Dam in Rajasthan, northern India

Kota Barrage is the fourth in the series of Chambal Valley Projects, located about 0.8 km upstream of Kota City in Rajasthan. Water released after power generation at Gandhi Sagar dam, Rana Pratap Sagar dam and Jawahar Sagar Dams, is diverted by Kota Barrage for irrigation in Rajasthan and in Madhya Pradesh through canals on the left and the right sides of the river. The work on this dam started in 1954 and was completed in 1960.

== Structure ==
The total catchment area of Kota Barrage is 27,332 km^{2}, of which the free catchment area below Jawahar Sagar Dam is just 137 km^{2}. The live storage is 99,000,000;cubic metres. It is an earthfill dam with a concrete spillway. The right and left main canals have a headworks discharge capacity of 188 and 42 m^{3}/s, respectively. The total length of the main canals, branches and distribution system is about 2,342 km, serving an area of 2,290 km^{2} of CCA. 50% of the water intercepted at Kota Barrage has been agreed to be diverted to Madhya Pradesh for irrigation.

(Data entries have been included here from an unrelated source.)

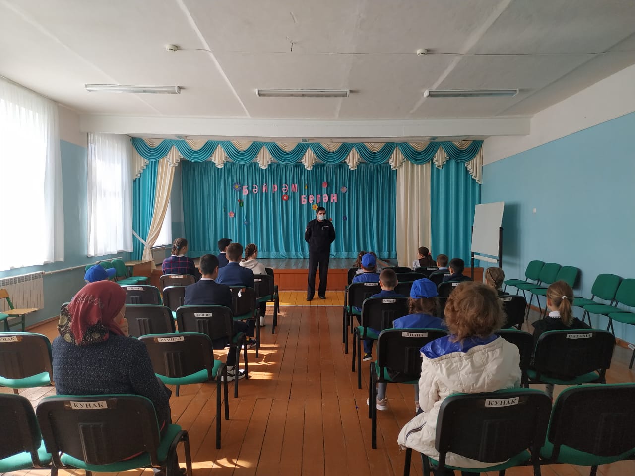 Куркынычсызлык айлыгы кысаларында бүген мәктәптә укучылар ПДН инспекторы Гарифуллин Р.С. белән очраштылар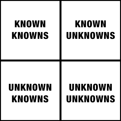 The existence of known knowns, known unknowns, and unknown unknowns implies the existence of unknown knowns. It’s right there. Yet people don’t seem to talk about them* – perhaps that’s why they’re unknown.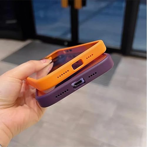 KEVGNRO Self-Contained Stand Silicone Case Cover for iPhone 12/13/14Promax, Lens Film Case with Mirror Protection Holder for iPhone (Orange,12promax)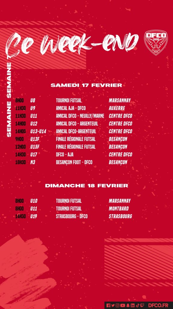 Les U17 recevront l’AJA samedi à 14h30 sur les terrains du centre d’entraînement de Saint-Apollinaire. La N3 sera en déplacement ce même jour du côté de Besançon (coup d’envoi 18h00). Les U19 se déplaceront à Strasbourg dimanche (coup d’envoi 14h30).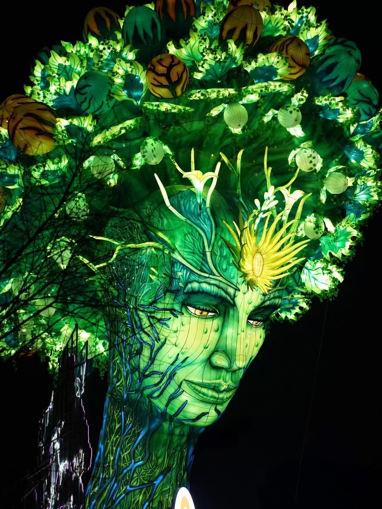 首次摒弃传统花灯以红、黄为主的暖色调体系,采用以翠绿、墨绿、青蓝为主的冷色调配色,搭配少量金色点缀,既呼应“生命”的自然属性,也打破大众对花灯“喜庆热闹”的刻板印象,开创了现代花灯的色彩新范式。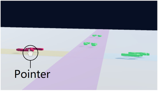 When the phone screen displaying the QR code is within the camera’s view, Vuforia is used to place a pointer on top of the center of the QR code. We can obtain the position of this pointer within the camera view (Figure 5 shows a red cube acting as a pointer). Additionally, there is a transparent 2D canvas object that covers the user’s field of view inside the VR environment and is fixed to a camera plane in front of the user. We call this the VR canvas. The position of the pointer in screen coordinates is converted to the corresponding local coordinates within the canvas. These coordinates are then used to display a pointer (similar to a desktop mouse pointer) on the canvas, which the user can see within the VR (Figure 6 and Figure 7).
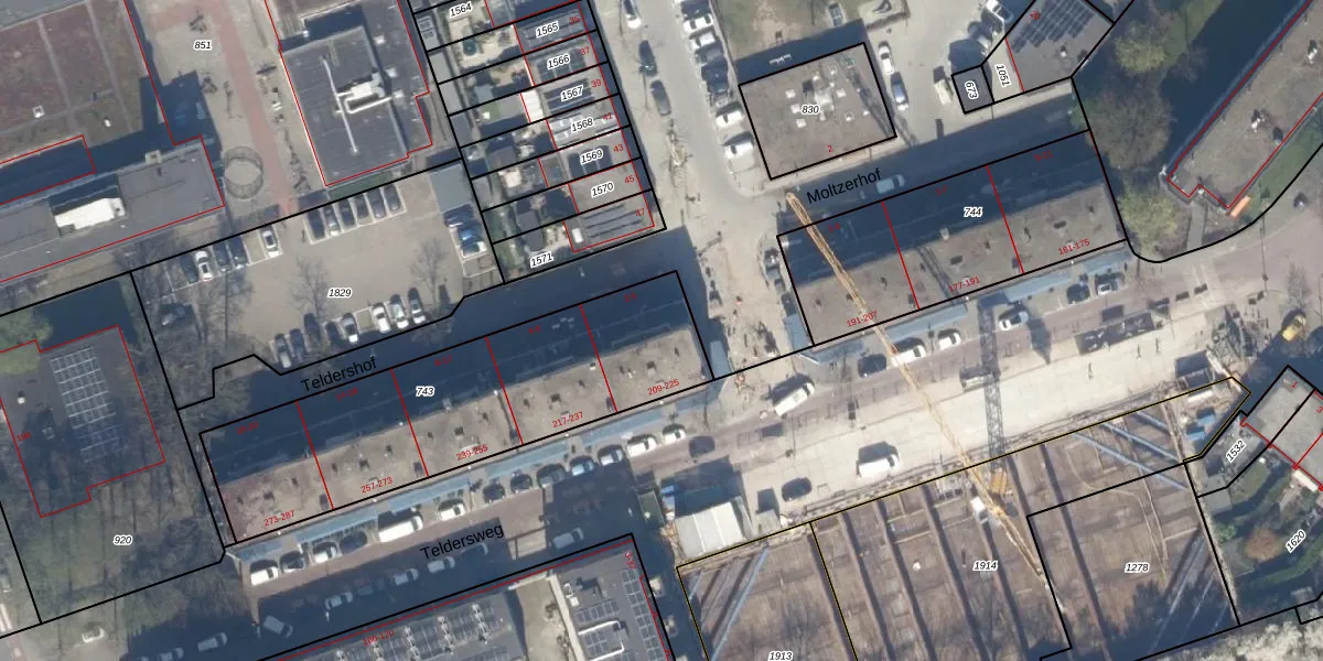 Teldershof 2 is gelegen op kadastraal perceel SBK01D743. Deze kadastrale aanduiding is uniek en wordt gebruikt door het Kadaster om eigendomsrechten en andere zakelijke rechten vast te leggen. Het perceel maakt onderdeel uit van de kadastrale gemeente Schiebroek.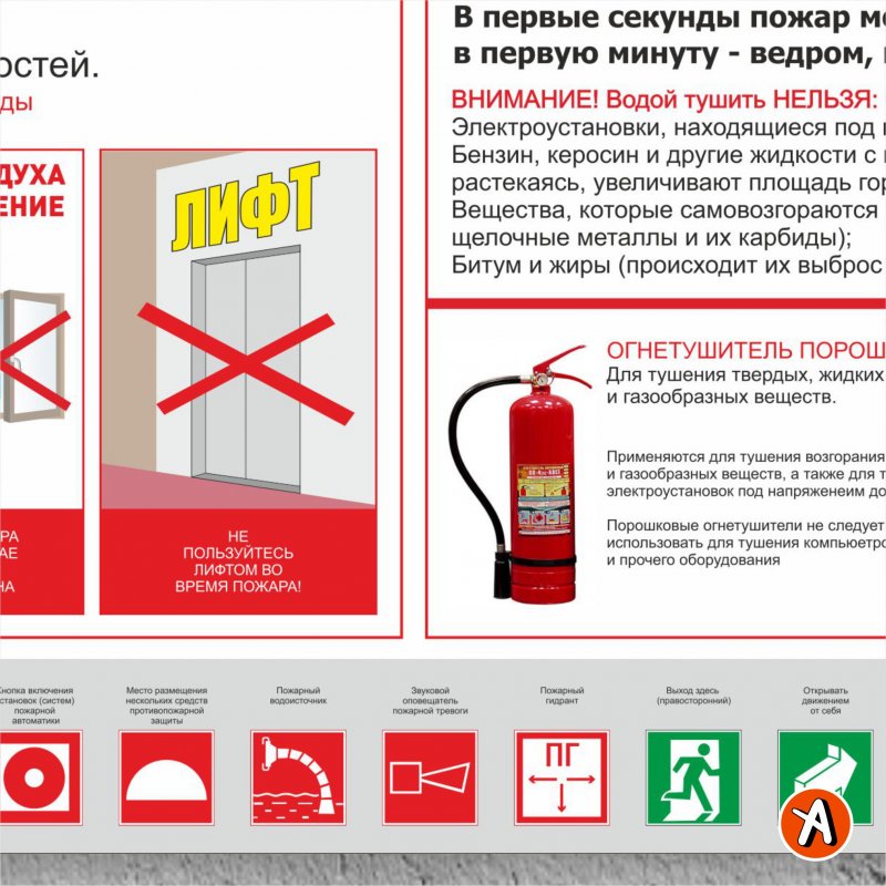 Кроме того, на нем размещена информация о первичных средствах пожаротушения, которые должны быть в каждом здании, и советы по эффективному тушению огня.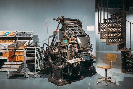 Typesetting Linotype Machine Produced In 1974. Dobrush Paper Mill Museum. Famous Landmark, Historical Heritage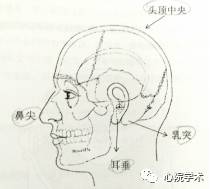 ①生理参考点:鼻尖、耳垂、乳突和头顶中央。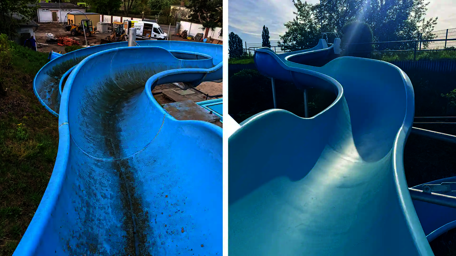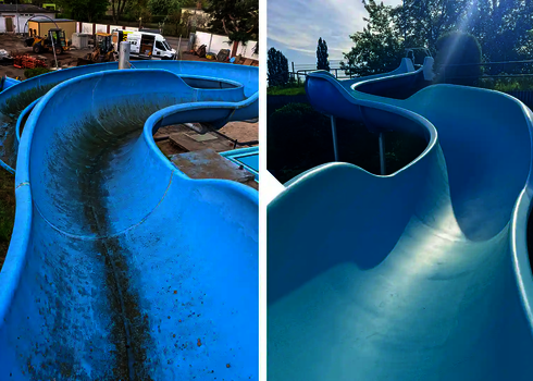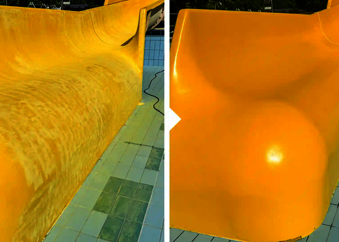 The regular Cleaning of FRP (glass fibre reinforced plastic) slides is essential for their durability and safety. Our Service - Team offers professional cleaning services for your slides, both indoors and outdoors. Damaged areas are polished and the slides are thoroughly cleaned, especially before commissioning at the beginning of the season. For optimal care, we recommend carrying out these cleaning measures on a regular basis.

The barrage operates 19 gates to control flow of flood and canal water downstream, and serves as bridge between parts of Kota on both side of the river.

== Tourism ==
The massive flow/froth of water during opening of gates in monsoon season — and accompanying vibration of bridge — are particular attraction among locals. Though in past, mis- or non-communication about the discharge of water to residents near river bank has resulted in the loss of lives of people engaged in swimming or washing activities downstream.

Other places worth visiting nearby include Kansua temple with a four faced Shiva Lingam, Bhitria Kund, Adhar Shila, Budh Singh Bafna Haveli and Yatayat Park.